I can't begin to tell you how pleased and heartened I am to learn about you and the level of activism on Salt Spring Island. You are the kind of role model that www.greenseniors.org and www.greengranny.org thrives on, and you give strength to all the rest of us.

I have not kept up with my blog activism as I should, so your finding GreenGranny now and reading back items is a terrific lift for me. I am a role model only to a modest, relative degree. I do accept your label of tenacity, however, because working almost full time (albeit from home) to pay expenses of family in need, tending a small vegetable garden, pedaling a bicycle for most errands, and spending quality time with six grandchildren (one or two at a time) leaves little time for anything else. Thank goodness my husband does the cooking--"slow food"--so I eat well. I am 66.

I look forward to reading your website and blog! As for helping, what I'd like most is for the senior activists featured on Green Seniors to have a wider audience (and a blogger who keeps up with their new accomplishments--but that is for me to fix).
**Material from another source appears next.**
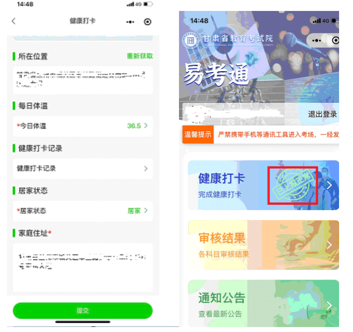 一、请考生自11月16日起,按要求登录“甘肃教育考试易考通”微信小程序进行健康打卡,每位考生需完成8次打卡。

Thank you very much for commenting. I will visit your site and please re-visit our two sites when new material is posted.

Terry Oliver

Thanks for your encouragement, Joyce. As you say, it gives a great lift to the spirits to know others are reading - and commenting - on our websites and blogs. I will be posting my monthly blog on July 1st and plan to write about my discovery of Green Seniors and GreenGranny and providing a link to your website.
I look forward to reading your future blogs.
Regards, Terry
PS - are you interested in occasional reviews of books relevant to seniors on peak oil and climate change? There are some excellent recent ones I'd love to pass on.